» TASK DIRECTIONS
Without any pictures, print exactly the lines that run from the start of the data through the line containing "The morning sessions".

>>>

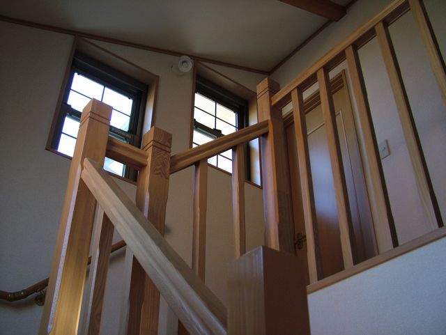 階段室は吹き抜けになっています。手摺も格子のオープンなタイプとして、2階と1階の一体感が持てるようにしました。
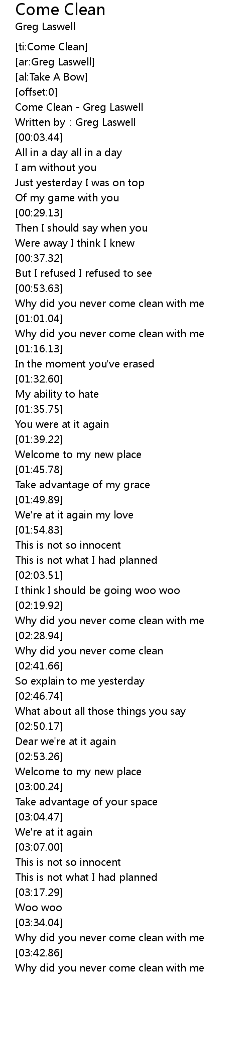 | ti: Come Clean | |
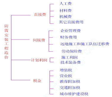 防雷安装工程造价由直接费用、间接费用、计划利润、税金等四大部分组成。
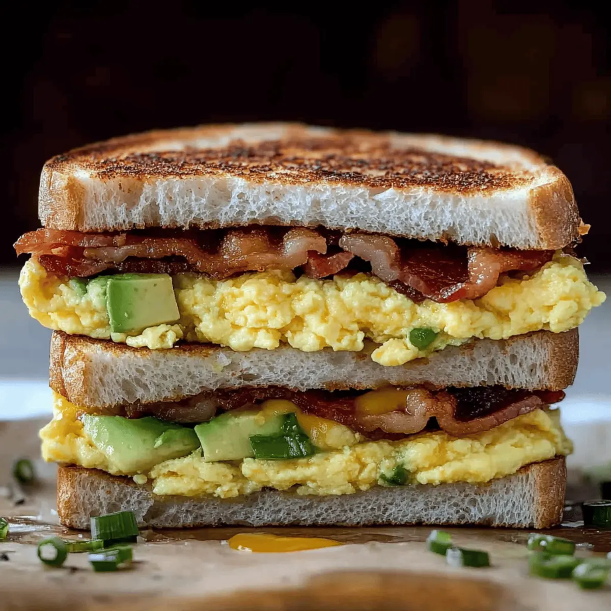 - Assemble your sandwich with a slice of bread, sautéed sausage, bacon, avocado, and scrambled eggs, topped with another slice of bread.
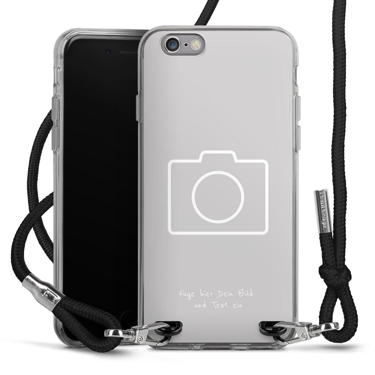 Habe Dein Handy, dank der flexiblen Silikon Handyhülle zum Umhängen mit der Handykette aus Stoff, immer griffbereit.
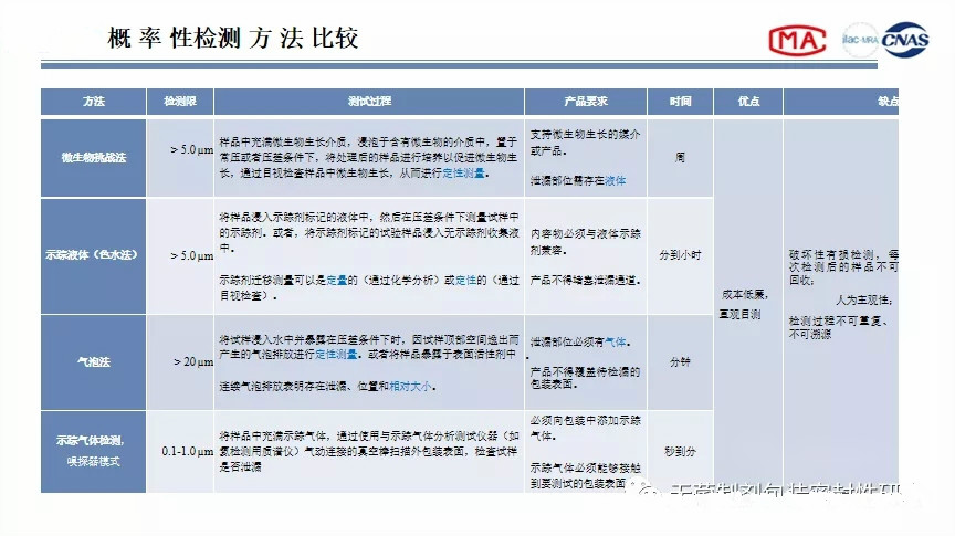 下面介紹下用于無(wú)菌制劑密封性研究的確定性方法及概率性方法的比較:
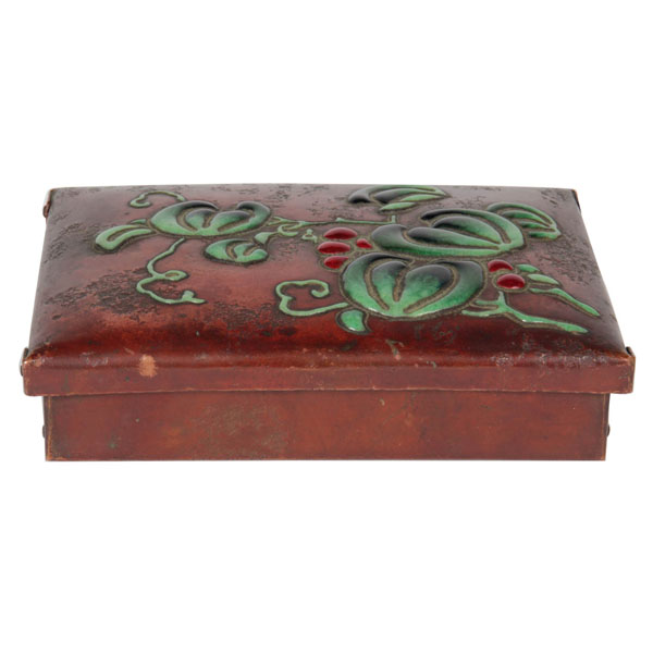 Early warty hammered copper bulbous vase with wrinkled neck, in excellent original dark brown patina with scattered deep red … English art deco rectangular dark yellow shagreen box with a copper latch and trim. This undoubtedly is one of the best handcrafted arts & crafts boxes we ever had the pleasure of offering... This undoubtedly is one of the best handcrafted arts & crafts boxes we ever had the pleasure of offering.
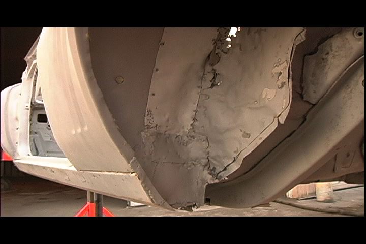 We had the Royal Sport '69 Camaro stripped by Imperial Blasting Technologies... Wally's crew did a fantastic job. We were worried that nothing would come back, as the car's pretty rusty on the bottom. Luckily, our fears were unfounded and we got a whole car back! The media blast job came out really nice, but it revealed some new secrets and made the obvious even more obvious. It's pretty amazing what kind of "innovations" people come up with when they're hacking a body together with pop rivets and body filler! We do have some substantial panel replacement to do, and we're going to cover it all on our show between now and SEMA.
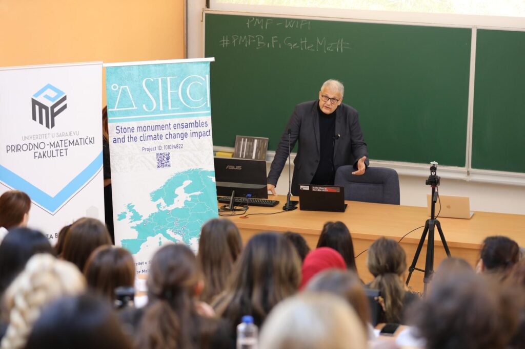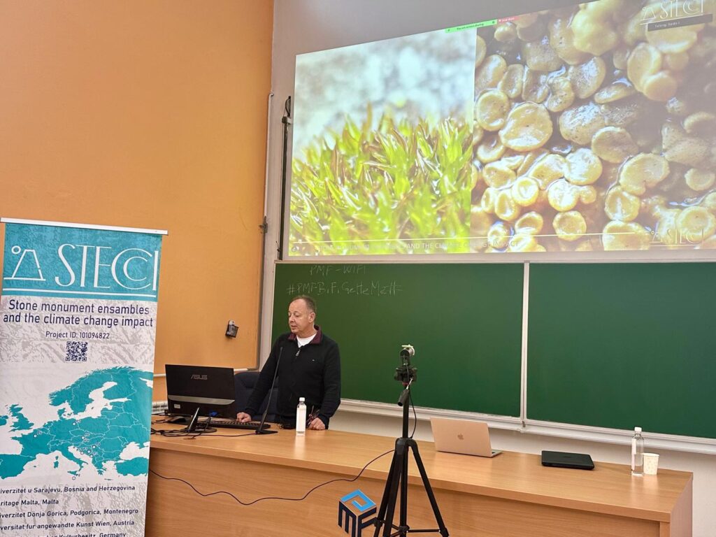 The morning sessions explored the scientific basis of cultural heritage preservation. Prof. Dr. Stefan Simon (SPK) delivered a lecture on the intersection of science and cultural heritage, followed by Prof. Dr. Snežana Radulović (UNSPMF) and Prof. Dr. Samir Đug (UNSA), who discussed the impact of climate change and environmental factors on the biodegradation of building materials.
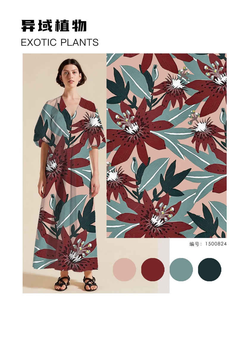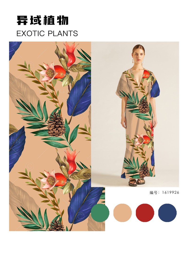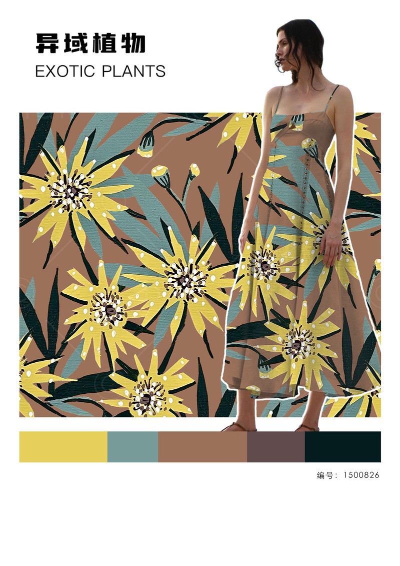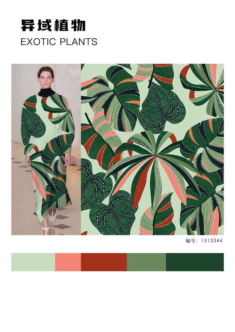 2026早春女装印花&图案趋势:异域植物在2026早春度假系列发布中,异域风格印花呈现出充满活力的趋势,不常见的热带植物、花卉搭配夸张的变形或放大处理,运用在不对称连衣裙、阔腿裤、套装等极简轮廓的服装上带来强烈的度假氛围。手绘感笔触的表现方式打造出粗粝自然感。
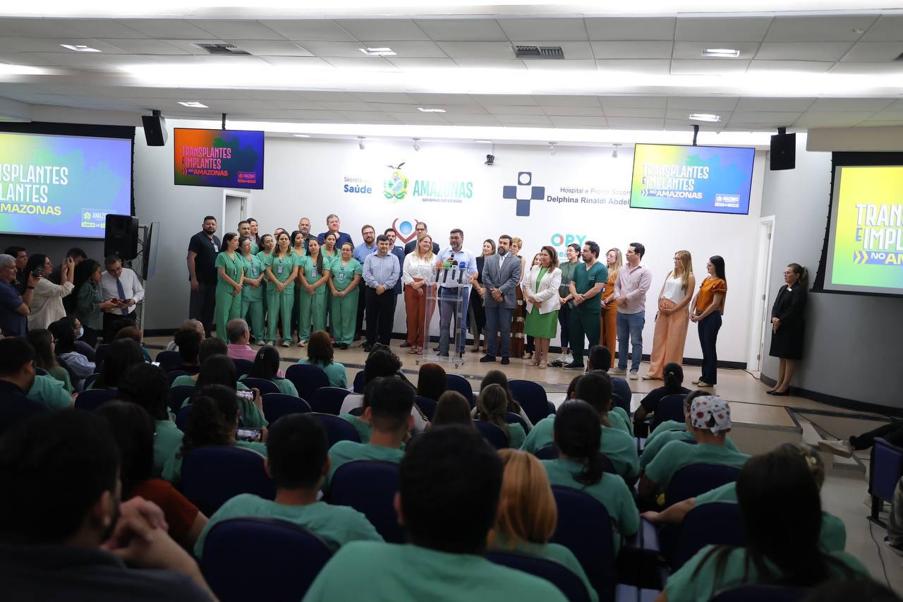 O governador Wilson Lima apresentou, na segunda-feira, 03/11, o balanço dos transplantes realizados no Amazonas, pelo Hospital Delphina Aziz, unidade referência da rede estadual para esse tipo de procedimento. A ação marcou oficialmente o início de uma nova fase da rede de alta complexidade do Estado, com a retomada dos transplantes de fígado após uma década e o reconhecimento do Delphina Aziz como o maior centro público de transplantes do Norte do país.
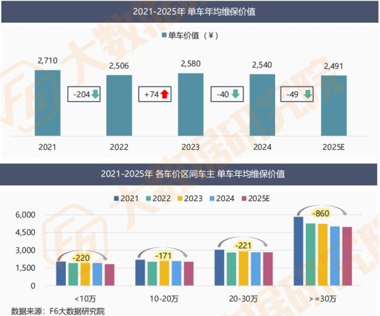 2025年,车主在车辆维保过程中的消费行为呈现出更明显的“精简化”特征:单次进厂消费4个及以上项目的车主占比进一步降至8%,这一数据不仅创下新低,更延续了近三年来持续下滑的走势,反映出多项目打包消费的模式正逐渐被车主摒弃。 这一鲜明的行为变化背后,是车主消费理念的深度转变:如今车主进厂维保的需求正趋于简约,每一次消费的目的性愈发鲜明―多为解决特定车辆问题或完成必要保养,而非被动接受额外服务。这也意味着,过去依靠“捆绑营销”、“项目叠加”推动消费的传统模式,已难以契合当下车主理性、聚焦的决策逻辑,对维保服务方的精细化运营提出了更高要求。 十一、单车年均维保价值 近2年,单车年均维保价值呈现小幅下降态势,缩减用车成本已成为全体车主普遍的共性趋势,30万元以上高单价车型的年度维保价值仍然最高。
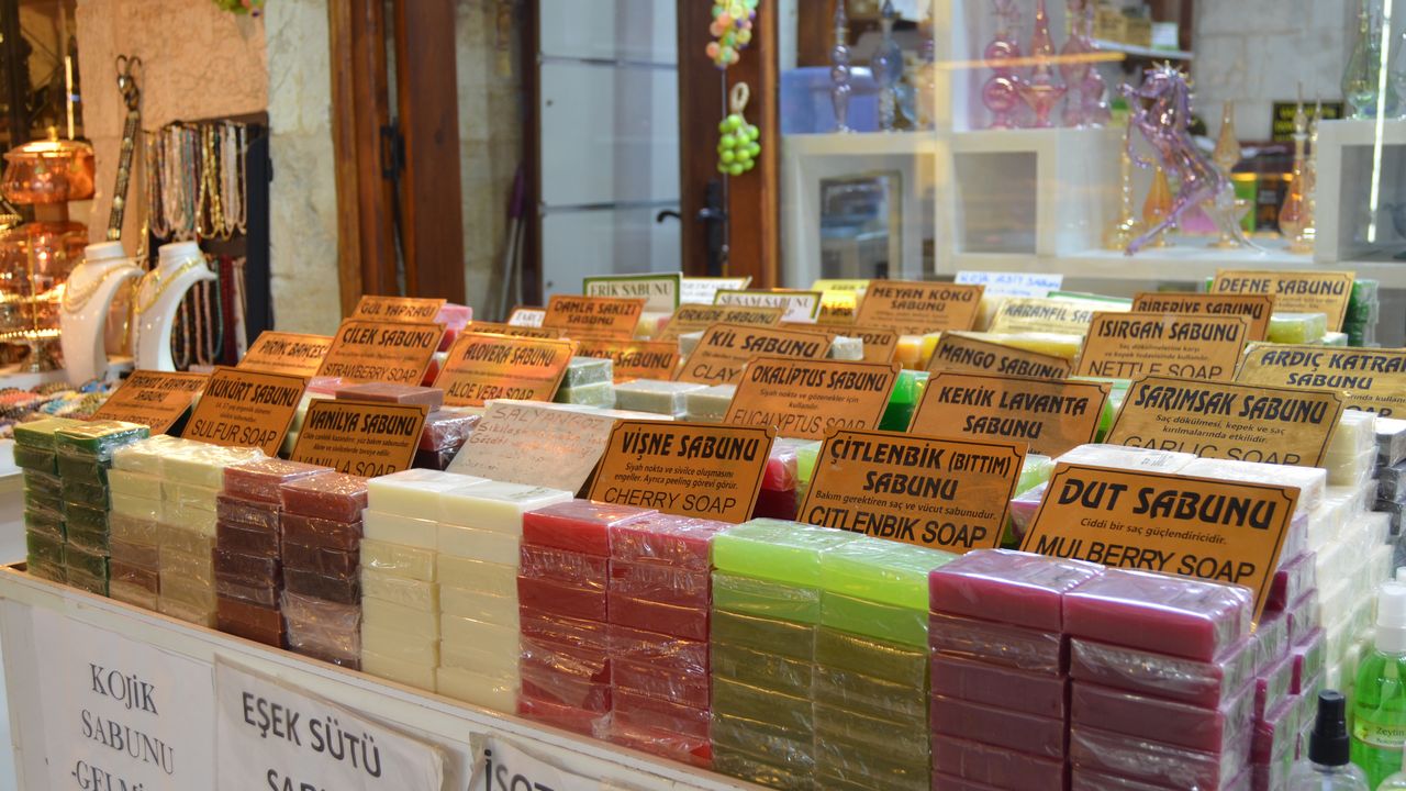 Bedesten Çarşısı’nda faaliyet gösteren Göznuru Dünyası’nda sergilenen birbirinden renkli sabunlar göz kamaştırıyor. Egzamadan ayak mantarına, sedeften lekeye, kaşıntıdan alerjiye kadar birçok hastalıkta kullanılan 80 çeşit sabun bulunuyor.
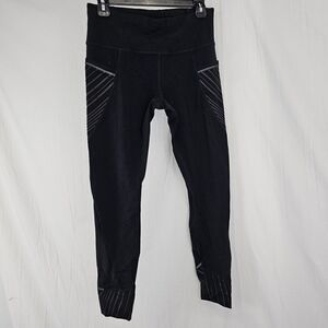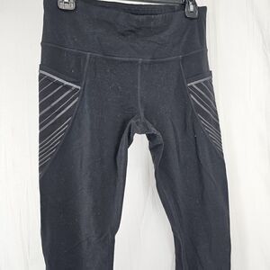 Athleta Shimmer Stripe Relay 2.0 Tights Black Pockets 870931 Womens Size Medium

<<<

» EXPECTED OUTPUT
 階段室は吹き抜けになっています。手摺も格子のオープンなタイプとして、2階と1階の一体感が持てるようにしました。
 | ti: Come Clean | |
 防雷安装工程造价由直接费用、间接费用、计划利润、税金等四大部分组成。
 - Assemble your sandwich with a slice of bread, sautéed sausage, bacon, avocado, and scrambled eggs, topped with another slice of bread.
 Habe Dein Handy, dank der flexiblen Silikon Handyhülle zum Umhängen mit der Handykette aus Stoff, immer griffbereit.
 下面介紹下用于無(wú)菌制劑密封性研究的確定性方法及概率性方法的比較:
 Early warty hammered copper bulbous vase with wrinkled neck, in excellent original dark brown patina with scattered deep red … English art deco rectangular dark yellow shagreen box with a copper latch and trim. This undoubtedly is one of the best handcrafted arts & crafts boxes we ever had the pleasure of offering... This undoubtedly is one of the best handcrafted arts & crafts boxes we ever had the pleasure of offering.
 We had the Royal Sport '69 Camaro stripped by Imperial Blasting Technologies... Wally's crew did a fantastic job. We were worried that nothing would come back, as the car's pretty rusty on the bottom. Luckily, our fears were unfounded and we got a whole car back! The media blast job came out really nice, but it revealed some new secrets and made the obvious even more obvious. It's pretty amazing what kind of "innovations" people come up with when they're hacking a body together with pop rivets and body filler! We do have some substantial panel replacement to do, and we're going to cover it all on our show between now and SEMA.
 The morning sessions explored the scientific basis of cultural heritage preservation. Prof. Dr. Stefan Simon (SPK) delivered a lecture on the intersection of science and cultural heritage, followed by Prof. Dr. Snežana Radulović (UNSPMF) and Prof. Dr. Samir Đug (UNSA), who discussed the impact of climate change and environmental factors on the biodegradation of building materials.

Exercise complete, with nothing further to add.